I did try this over at robinson and the additional machinery for supporting patterns longer than one byte did indeed have significant overhead. Admittedly, I did not directly compare them, it was just that aho-corasick did not improve upon the scalar implementation whereas this code did.

The needles likely need to be quite infrequent in the haystack for something like this to be worth it.

Could you expand on your reasoning here?

Considering that according to Intel's intrinsics documentation e.g. _mm256_cmpeg_epi8 and _mm256_shuffle_eip8 appear to have the same basic performance characteristics (1 cycle latency, 0.5 cycles-per-instruction throughput), I would actually wonder how this implementation of memchr8 compares to memchr3 when used with three needles.

@adamreichold
Copy link
Author

I would actually wonder how this implementation of memchr8 compares to memchr3 when used for with three needles.

At least when building the look-up tables is either constant-folded or amortised.

@BurntSushi
Copy link
Owner

Could you expand on your reasoning here?

Processing more matches means more overhead. memchr has smaller overhead than memchr2. And so on. As you add more needles, the likelihood of matches increases generally. The regex crate makes a lot of heuristic assumptions around this for its literal optimizations.

I did miss that this covers all needle variations. But I really just don't have the review bandwidth for something new like this. It needs to be considered holistically in the memchr API.

Moreover, I would definitely want to understand why this is better than aho-corasick's Teddy implementation. I think abo-corasick specializes for each needle length? So I would want to see if that could be made faster first.
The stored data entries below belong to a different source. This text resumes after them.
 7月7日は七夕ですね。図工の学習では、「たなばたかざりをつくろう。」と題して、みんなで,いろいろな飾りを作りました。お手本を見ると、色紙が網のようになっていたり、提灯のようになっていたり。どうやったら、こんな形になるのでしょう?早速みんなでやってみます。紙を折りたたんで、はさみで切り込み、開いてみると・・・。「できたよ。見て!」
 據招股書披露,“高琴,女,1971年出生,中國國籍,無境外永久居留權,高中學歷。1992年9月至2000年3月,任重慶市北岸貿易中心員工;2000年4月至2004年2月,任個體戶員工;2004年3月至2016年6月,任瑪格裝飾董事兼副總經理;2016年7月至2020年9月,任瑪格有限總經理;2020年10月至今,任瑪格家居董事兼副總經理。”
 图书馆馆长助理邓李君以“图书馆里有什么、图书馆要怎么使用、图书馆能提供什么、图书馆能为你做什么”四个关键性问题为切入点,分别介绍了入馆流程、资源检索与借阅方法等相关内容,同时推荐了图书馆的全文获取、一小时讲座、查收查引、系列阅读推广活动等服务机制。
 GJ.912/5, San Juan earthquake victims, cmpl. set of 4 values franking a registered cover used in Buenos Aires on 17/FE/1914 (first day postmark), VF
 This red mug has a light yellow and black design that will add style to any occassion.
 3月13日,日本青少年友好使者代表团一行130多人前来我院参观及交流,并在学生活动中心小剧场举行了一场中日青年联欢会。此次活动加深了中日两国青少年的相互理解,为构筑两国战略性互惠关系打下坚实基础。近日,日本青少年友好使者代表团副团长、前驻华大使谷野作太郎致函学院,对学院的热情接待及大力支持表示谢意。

Considering that according to Intel's intrinsics documentation e.g. _mm256_cmpeg_epi8 and _mm256_shuffle_eip8 appear to have the same basic performance characteristics (1 cycle latency, 0.5 cycles-per-instruction throughput), I would actually wonder how this implementation of memchr8 compares to memchr3 when used for with three needles.

Yeah that would be quite interesting! This crate uses rebar for benchmarks and I think you could probably bake them off within that framework.

@adamreichold
Copy link
Author

adamreichold commented Oct 13, 2025

Yeah that would be quite interesting! This crate uses rebar for benchmarks and I think you could probably bake them off within that framework.
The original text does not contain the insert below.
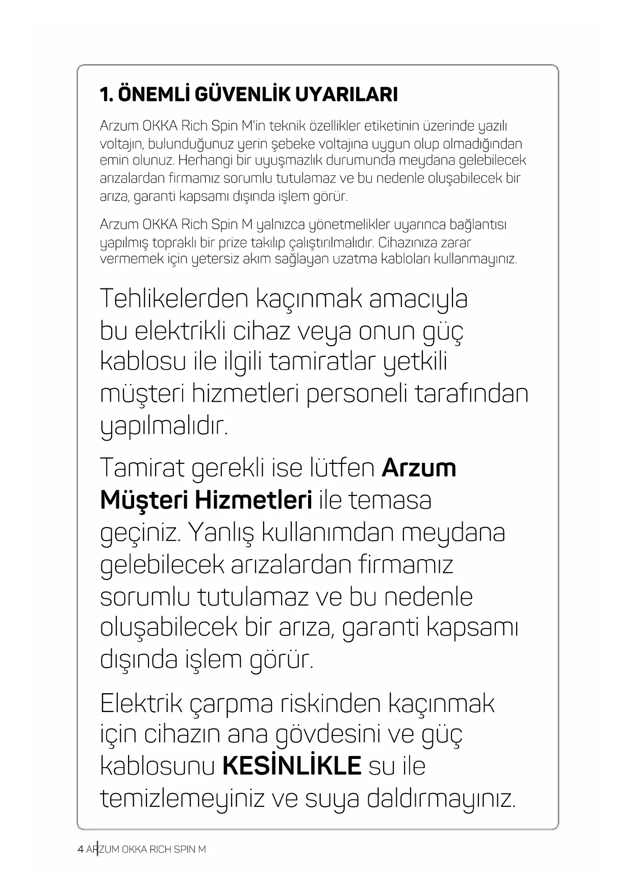 Arzum OKKA Rich Spin M'in teknik özellikler etiketinin üzerinde yazılı voltajın, bulunduğunuz yerin şebeke voltajına uygun olup olmadığından emin olunuz. Herhangi bir uyuşmazlık durumunda meydana gelebilecek arızalardan firmamız sorumlu tutulamaz ve bu nedenle oluşabilecek bir arıza, garanti kapsamı dışında işlem görür. Arzum OKKA Rich Spin M yalnızca yönetmelikler uyarınca bağlantısı yapılmış topraklı bir prize takılıp çalıştırılmalıdır. Cihazınıza zarar vermemek için yetersiz akım sağlayan uzatma kabloları kullanmayınız. Tehlikelerden kaçınmak amacıyla bu elektrikli cihaz veya onun güç kablosu ile ilgili tamiratlar yetkili müşteri hizmetleri personeli tarafından yapılmalıdır. Tamirat gerekli ise lütfen Arzum Müşteri Hizmetleri ile temasa geçiniz. Yanlış kullanımdan meydana gelebilecek arızalardan firmamız sorumlu tutulamaz ve bu nedenle oluşabilecek bir arıza, garanti kapsamı dışında işlem görür. Elektrik çarpma riskinden kaçınmak için cihazın ana gövdesini ve güç kablosunu KESİNLİKLE su ile temizlemeyiniz ve suya daldırmayınız.TR

These are the results where "eight" means three needles using the Eight instead of the Three implementation. I also directly called the AVX2 variants (in both cases) to enable constant-folding of the look-up tables for the slice-based variant.

benchmark                        rust/memchr/memchr3  rust/memchr/memchr3/eight  rust/memchr/memchr3/fallback  rust/memchr/memchr3/naive
---------                        -------------------  -------------------------  ----------------------------  -------------------------
memchr/sherlock/common/huge3     629.6 MB/s (1.00x)   530.3 MB/s (1.19x)         208.6 MB/s (3.02x)            339.7 MB/s (1.85x)
memchr/sherlock/common/small3    666.6 MB/s (1.20x)   545.9 MB/s (1.46x)         695.1 MB/s (1.15x)            799.5 MB/s (1.00x)
memchr/sherlock/never/huge3      39.9 GB/s (1.00x)    31.6 GB/s (1.27x)          3.6 GB/s (11.23x)             1071.7 MB/s (38.17x)
memchr/sherlock/never/small3     12.4 GB/s (1.00x)    6.2 GB/s (2.00x)           2.9 GB/s (4.20x)              1018.1 MB/s (12.44x)
memchr/sherlock/never/tiny3      1605.0 MB/s (1.00x)  731.2 MB/s (2.20x)         1096.7 MB/s (1.46x)           731.2 MB/s (2.20x)
memchr/sherlock/never/empty3     40.00ns (1.00x)      60.00ns (1.50x)            40.00ns (1.00x)               40.00ns (1.00x)
memchr/sherlock/rare/huge3       26.8 GB/s (1.00x)    21.3 GB/s (1.26x)          3.3 GB/s (8.06x)              1060.9 MB/s (25.85x)
memchr/sherlock/rare/small3      8.7 GB/s (1.00x)     4.8 GB/s (1.83x)           2.7 GB/s (3.24x)              972.7 MB/s (9.17x)
memchr/sherlock/rare/tiny3       1096.7 MB/s (1.00x)  598.2 MB/s (1.83x)         940.1 MB/s (1.17x)            658.0 MB/s (1.67x)
memchr/sherlock/uncommon/huge3   2.0 GB/s (1.00x)     1944.3 MB/s (1.08x)        844.4 MB/s (2.49x)            770.2 MB/s (2.72x)
memchr/sherlock/uncommon/small3  2.6 GB/s (1.00x)     1972.7 MB/s (1.34x)        1809.3 MB/s (1.46x)           770.4 MB/s (3.43x)
memchr/sherlock/uncommon/tiny3   438.7 MB/s (1.50x)   299.1 MB/s (2.20x)         548.4 MB/s (1.20x)            658.0 MB/s (1.00x)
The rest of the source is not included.